Another related thing is that, because we’re a multi-agency team, and traditionally the police are heavily guarded, being face to face and having these office relationships breaks that a bit. But when everyone is working from home, it’s very easy for different parts of the team to get to their little nooks and crannies. The positives about multi-agency work can get lost, and it all feels more like a battle.

It makes me sad to see all that is happening with the children and that we cannot support them the way we would like. Fortunately, some juvenile delinquency services are starting to be re-established now, which is really positive because some of these workers are really important to the children. I think that once again the places in the community where we can go with the young people are open again, things will be easier.

The head of the team for children with disabilities

We identified, just before the crisis, all our families with social workers and put emergency plans there for children who we knew could not be taken care of, due to specific needs, by n ‘anyone. We put those families first, with the agencies we work with, and we said that if anything happens, you should not stop providing services to them.

We also looked at families that we knew were going to go into crisis and what it would look like – difficult behavior, the impact of sleep deprivation with schools closed, the impact of children not attending respite. which means there is literally no break for the parents looking after them. We have written to all of our parents and guardians to explain our plans – everything is virtual until we can get PPE.

Then we said okay, within our team who can support the implementation of these emergency crisis interventions, work to support social workers, and how can we work with the schools around which the children at high risk must enter, otherwise their family situation would shatter down? In the current situation, the reception, already difficult, would be almost impossible.

We have chosen the routes most likely to cause difficulties for families and have sought to tackle them with suitably qualified professionals. In our networks, we have concocted packages, offered additional listening visits to parents and succeeded in obtaining them an unlimited Zoom license.

These families are already socially isolated because of the needs of the children in their care.

We want to have a lively meeting moderated by a different professional every week, where they can have a focused discussion or just mull over coffee, share some ideas.

It’s been a tricky time as a manager – during confinement, working from 7 a.m. to 1 a.m. was not unusual – trying to manage team cohesion and maintain communication, as we all know that in times of stress, people all act differently. It is important to be aware of the personality of each employee, their living conditions, state of health, family responsibilities and what they might be at that time. It was about trying to make sure that we deliver statutory things that we cannot compromise, but ensuring that they are proportionate and without waiting for cases to go into crisis.

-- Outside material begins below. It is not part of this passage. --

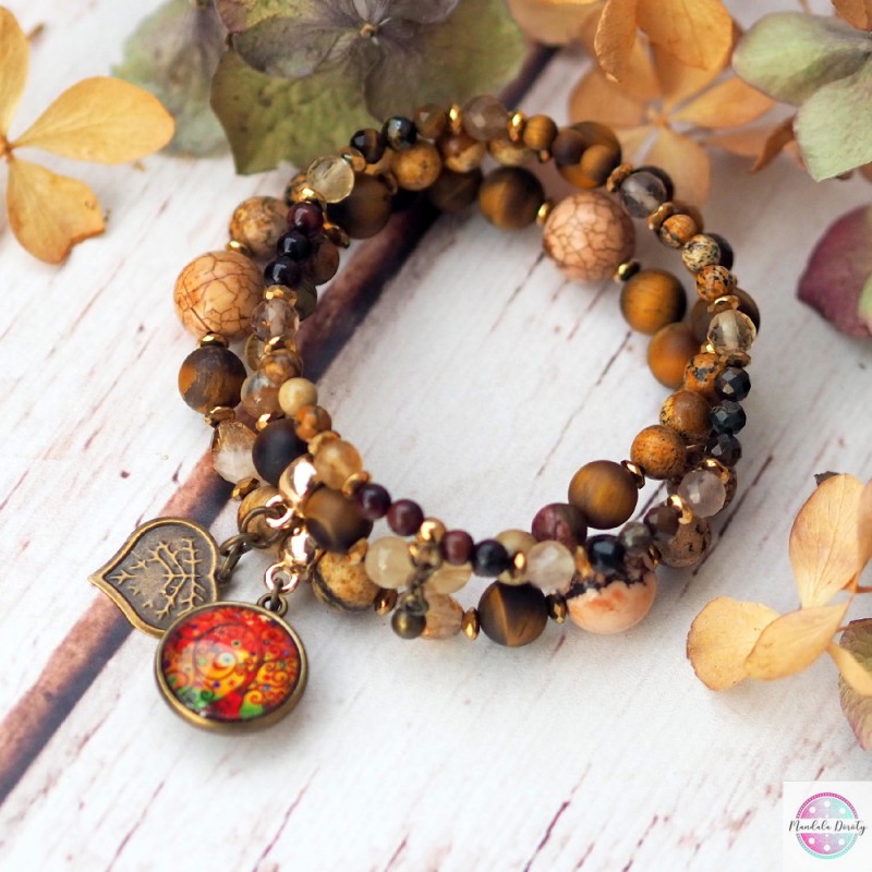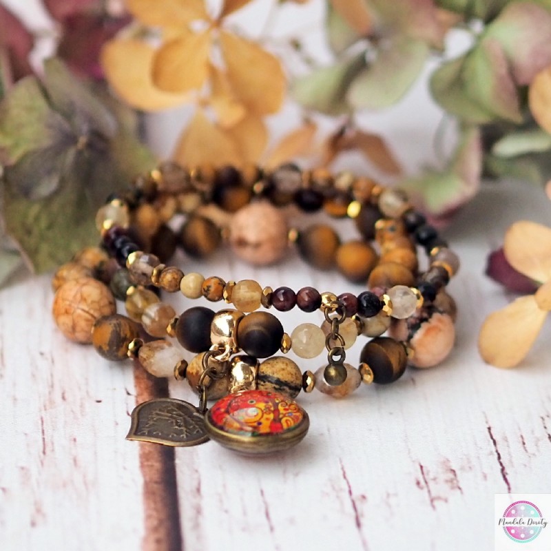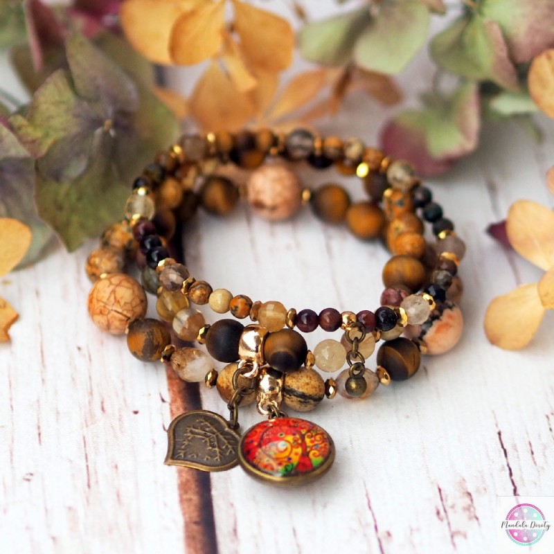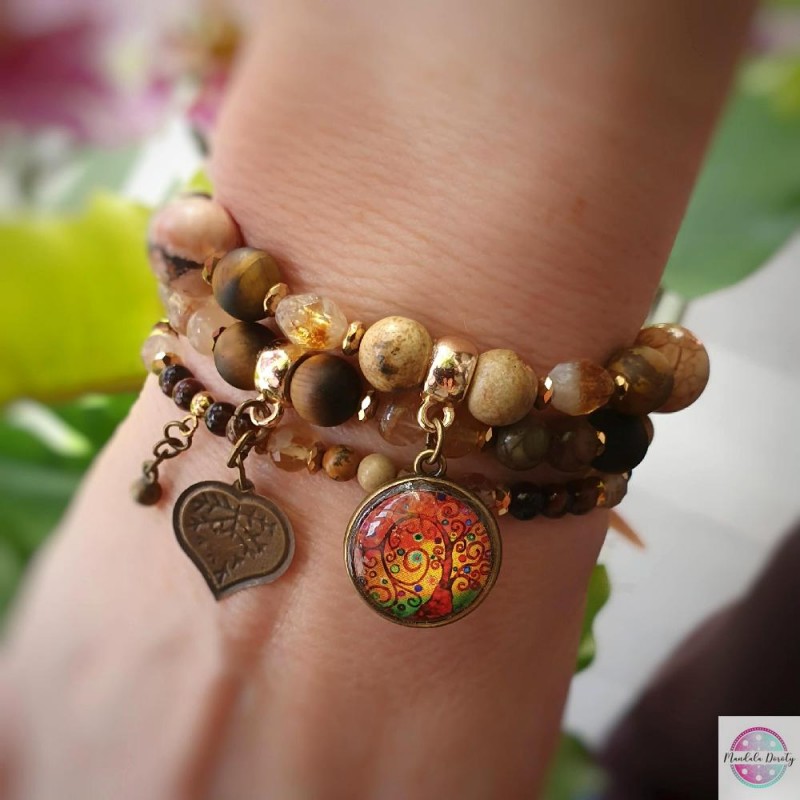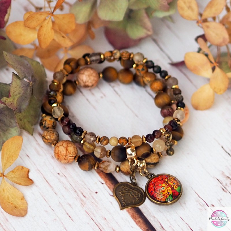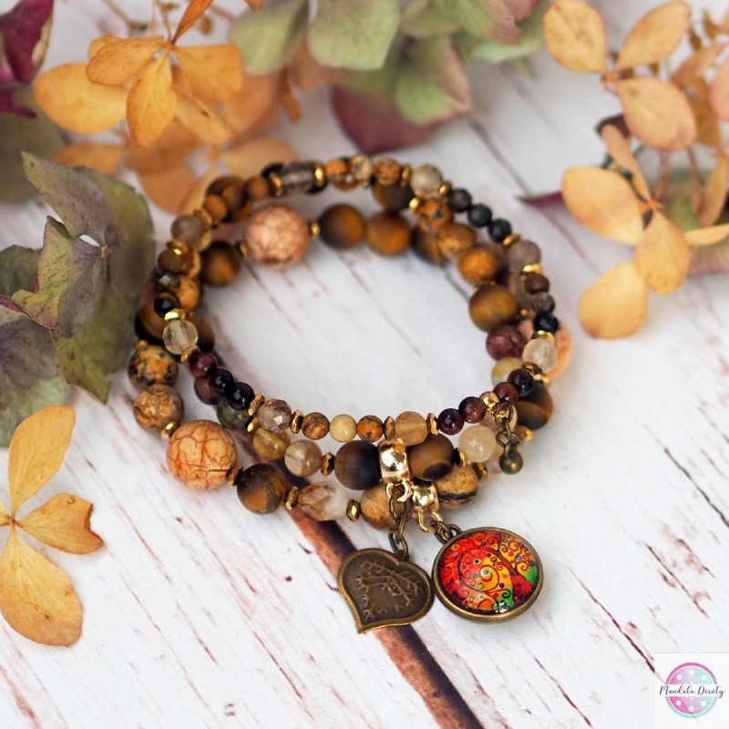Komplet trzech bransoletek z mandalą "Drzewo Wdzięczności" z zawieszkami serduszko i kulka. Użyte kamienie: jaspis, tygrysie oko, cytryn, fluoryt, bawole oko i hematyty. Piękny brązowo-złoty odcień. Możesz nosić razem lub osobno :).
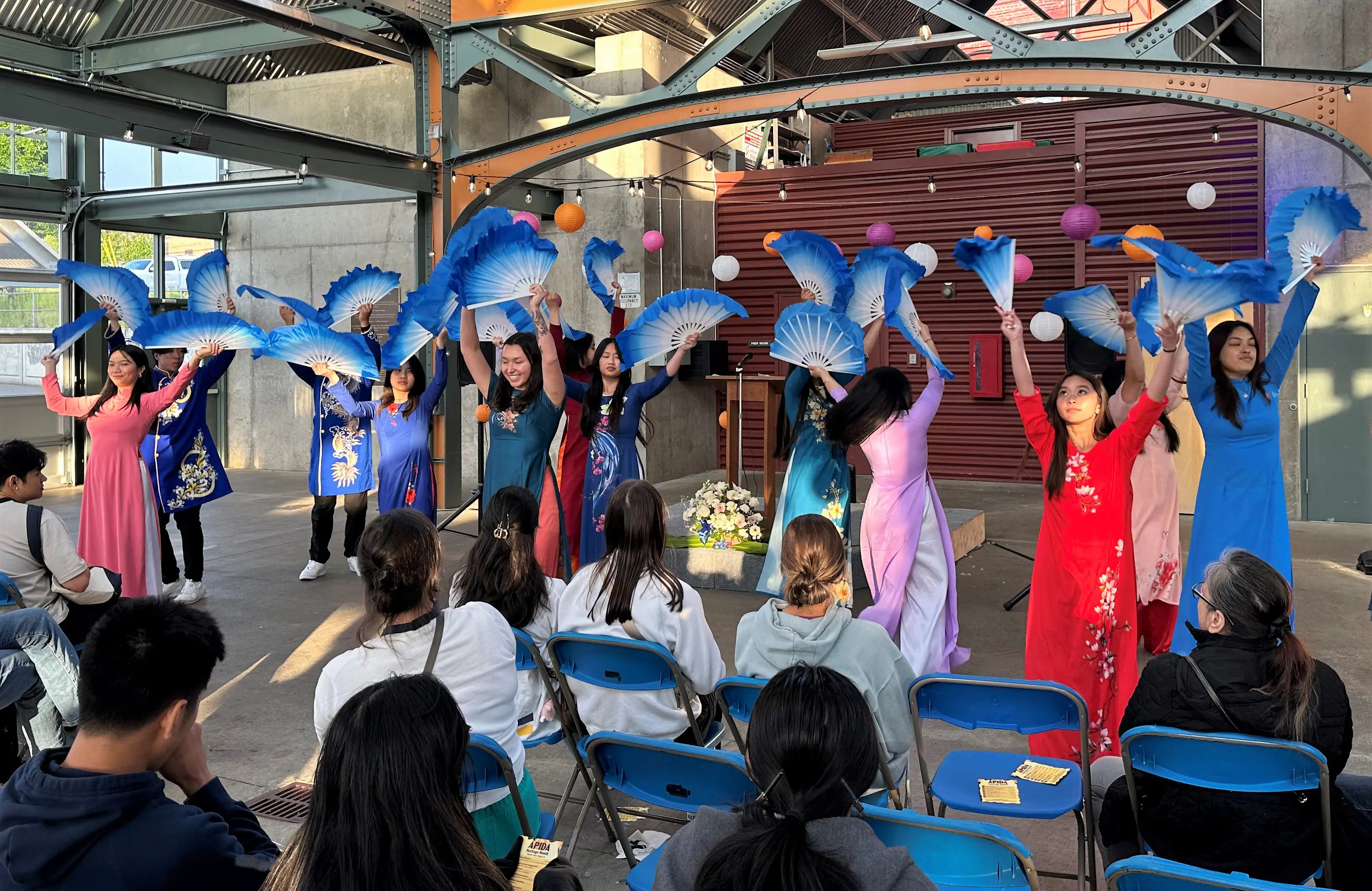Stories that shape us: Thank you to the 170 people who attended the May 24 Stories that Shape Us event at Depot Market Square, held to honor the identities, experiences, histories and cultures of Asian, Pacific Islander, and Desi-identified (APIDA) individuals during APIDA Heritage Month. In the photo above, members of the WWU Vietnamese Student Association perform a fan dance as part of the program. This was one of many local events and opportunities scheduled this month to engage with others and learn about APIDA communities. To learn more, see the APIDA Heritage Month website.

There were some positives [of practice under lockdown]. You have a little more time – while on each visit you may need to allow 30 minutes for a round trip, doing things virtually you have that extra hour, so the frequency of contacts may increase. If someone had asked me a year ago if all of my staff worked from home, I would have said no, that’s not good, because of peer support, this, that and the other. It was really interesting to watch things work, despite the computer issues.